• TASK PROMPT:
All entries below are to be written out again exactly, but no picture is to be copied.

Records drawn from a dataset
□ □ □ □ □ □ □
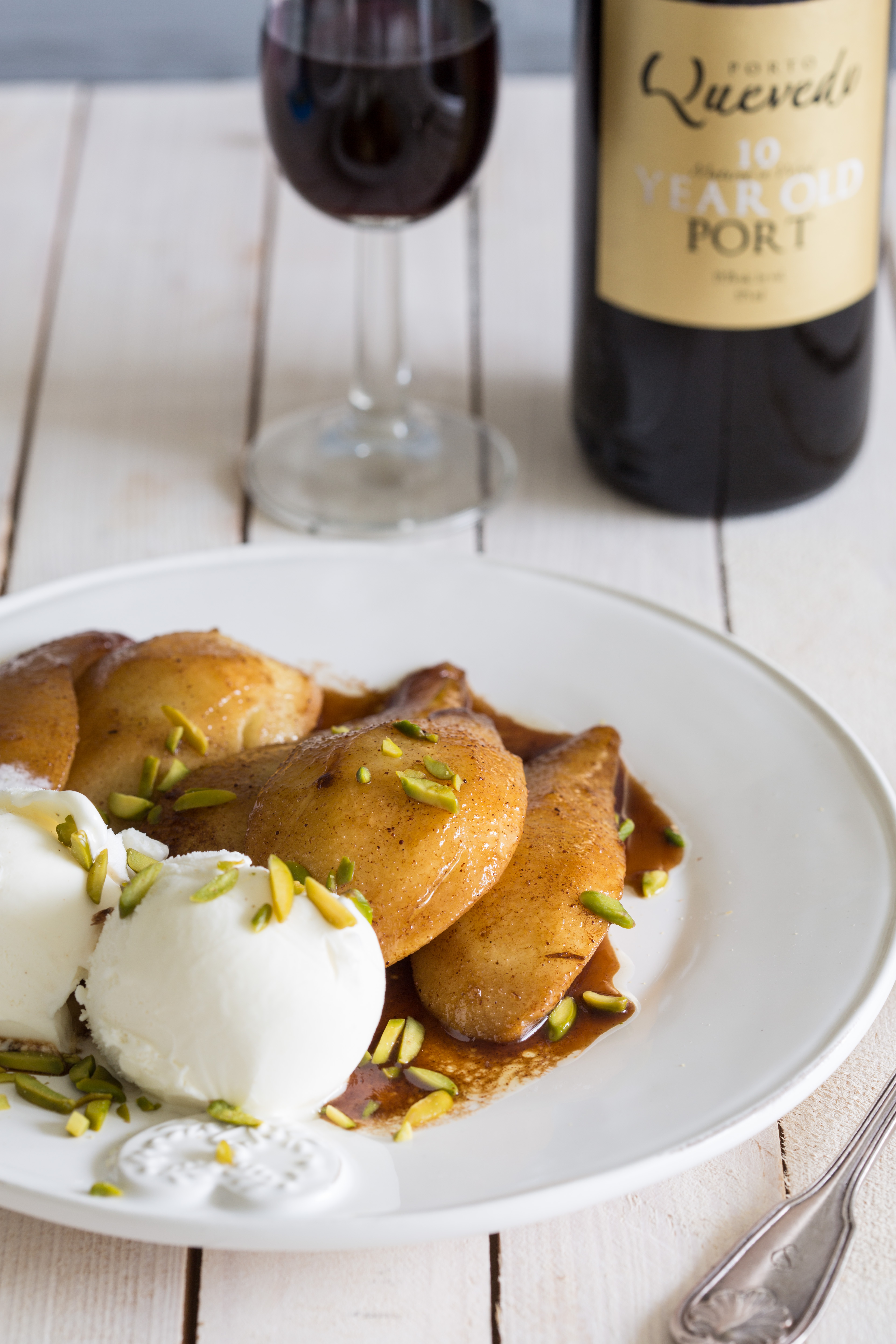Peren met portsaus, vanille-ijs en pistachenootjes
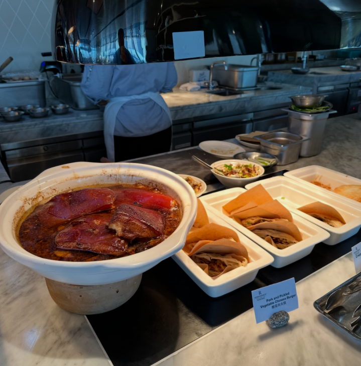 “劳动员能严慎从事地对待你,取餐区每说念菜傍边齐站着戴高帽的厨师先容菜品,连咖啡杯齐是骨瓷的,拿在手里千里甸甸的。”
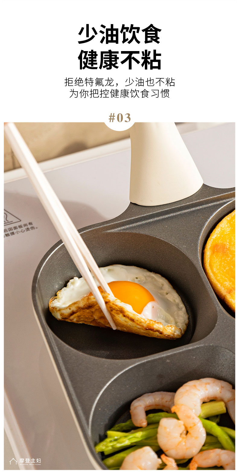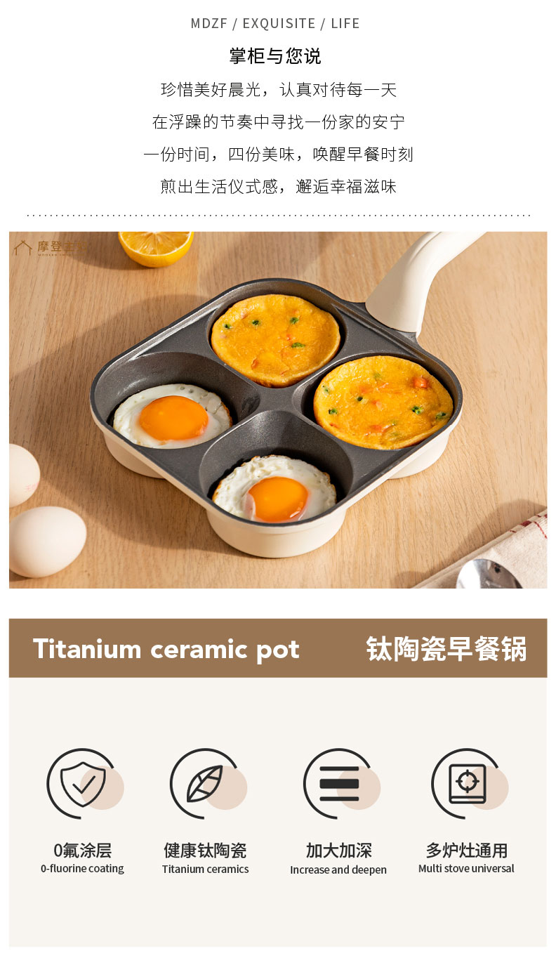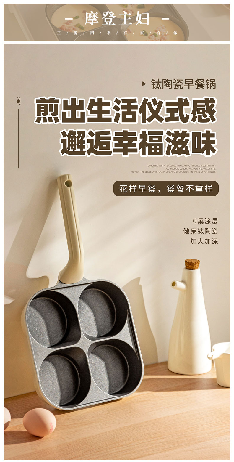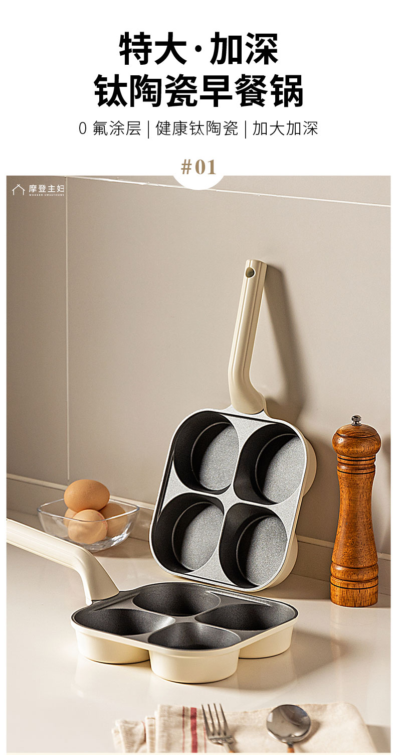 摩登主妇钛陶瓷早餐锅煎饼鸡蛋汉堡四孔不粘锅家用煎蛋神器肉蛋堡
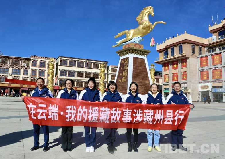 圖為宣講團援藏干部代表在色達縣金馬廣場合影留念 攝影:龍真多吉
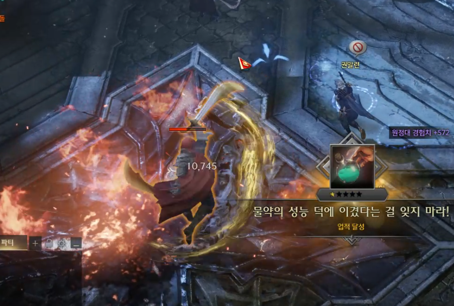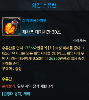 설명을 보면 알겠지만 10초간 유지되는 넓은 화염 지대를 생성하고 화 속성 피해를 지속적으로 주게 됩니다. 배틀 아이템은 사용이 가능하기 때문에 이것만 네임드에게 던지면 정말 쉽게 잡을 수 있습니다.
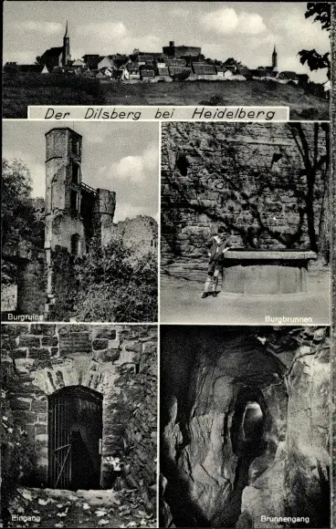Ak Dilsberg Neckargemünd am Neckar, Panorama, Burgbrunnen, Brunnengang, Burgruine
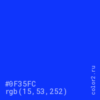Цвет #0F35FC в цветовой модели RGB обозначается тремя октетами (15, 53, 252) в десятичном формате и #0F35FC в шестнадцатиричном (hex) формате, которые являются интенсивностью красного 15 (hex 0F), интенсивность зелёного 53 (hex 35) и интенсивность синего 252 (hex FC).
□ □ □ □ □ □ □
• SOLVED PROBLEM:
Peren met portsaus, vanille-ijs en pistachenootjes
 “劳动员能严慎从事地对待你,取餐区每说念菜傍边齐站着戴高帽的厨师先容菜品,连咖啡杯齐是骨瓷的,拿在手里千里甸甸的。”
 摩登主妇钛陶瓷早餐锅煎饼鸡蛋汉堡四孔不粘锅家用煎蛋神器肉蛋堡
 圖為宣講團援藏干部代表在色達縣金馬廣場合影留念 攝影:龍真多吉
 설명을 보면 알겠지만 10초간 유지되는 넓은 화염 지대를 생성하고 화 속성 피해를 지속적으로 주게 됩니다. 배틀 아이템은 사용이 가능하기 때문에 이것만 네임드에게 던지면 정말 쉽게 잡을 수 있습니다.
Ak Dilsberg Neckargemünd am Neckar, Panorama, Burgbrunnen, Brunnengang, Burgruine
Цвет #0F35FC в цветовой модели RGB обозначается тремя октетами (15, 53, 252) в десятичном формате и #0F35FC в шестнадцатиричном (hex) формате, которые являются интенсивностью красного 15 (hex 0F), интенсивность зелёного 53 (hex 35) и интенсивность синего 252 (hex FC).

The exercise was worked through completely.